**TASK GOAL**
Copy exactly the lines of the material below that run from the one containing "Charming and chic, Willowbrook" through the one containing "1 - الْحِمَى". Copy no other lines.

───── DATASET

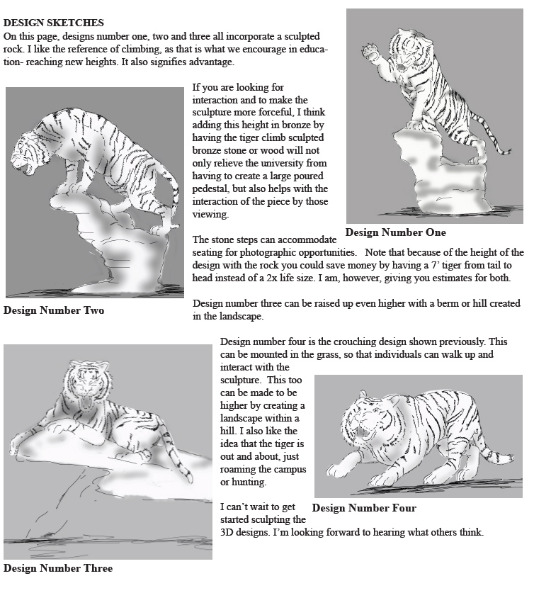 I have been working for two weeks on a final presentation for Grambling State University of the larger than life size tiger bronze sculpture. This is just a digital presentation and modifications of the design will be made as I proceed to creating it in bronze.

──────────
───── DATASET

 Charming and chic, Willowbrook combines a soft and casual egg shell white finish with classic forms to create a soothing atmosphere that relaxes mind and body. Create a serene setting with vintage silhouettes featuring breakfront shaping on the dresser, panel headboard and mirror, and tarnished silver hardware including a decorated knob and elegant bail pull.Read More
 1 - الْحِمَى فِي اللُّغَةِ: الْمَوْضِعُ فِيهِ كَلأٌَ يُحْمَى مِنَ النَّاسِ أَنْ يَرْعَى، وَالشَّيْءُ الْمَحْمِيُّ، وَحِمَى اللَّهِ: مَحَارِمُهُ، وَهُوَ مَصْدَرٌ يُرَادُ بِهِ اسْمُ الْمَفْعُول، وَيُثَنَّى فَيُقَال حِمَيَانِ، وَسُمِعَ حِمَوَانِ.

──────────
───── DATASET

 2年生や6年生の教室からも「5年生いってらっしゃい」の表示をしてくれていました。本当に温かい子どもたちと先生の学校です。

──────────

**WRITTEN ANSWER**
 Charming and chic, Willowbrook combines a soft and casual egg shell white finish with classic forms to create a soothing atmosphere that relaxes mind and body. Create a serene setting with vintage silhouettes featuring breakfront shaping on the dresser, panel headboard and mirror, and tarnished silver hardware including a decorated knob and elegant bail pull.Read More
 1 - الْحِمَى فِي اللُّغَةِ: الْمَوْضِعُ فِيهِ كَلأٌَ يُحْمَى مِنَ النَّاسِ أَنْ يَرْعَى، وَالشَّيْءُ الْمَحْمِيُّ، وَحِمَى اللَّهِ: مَحَارِمُهُ، وَهُوَ مَصْدَرٌ يُرَادُ بِهِ اسْمُ الْمَفْعُول، وَيُثَنَّى فَيُقَال حِمَيَانِ، وَسُمِعَ حِمَوَانِ.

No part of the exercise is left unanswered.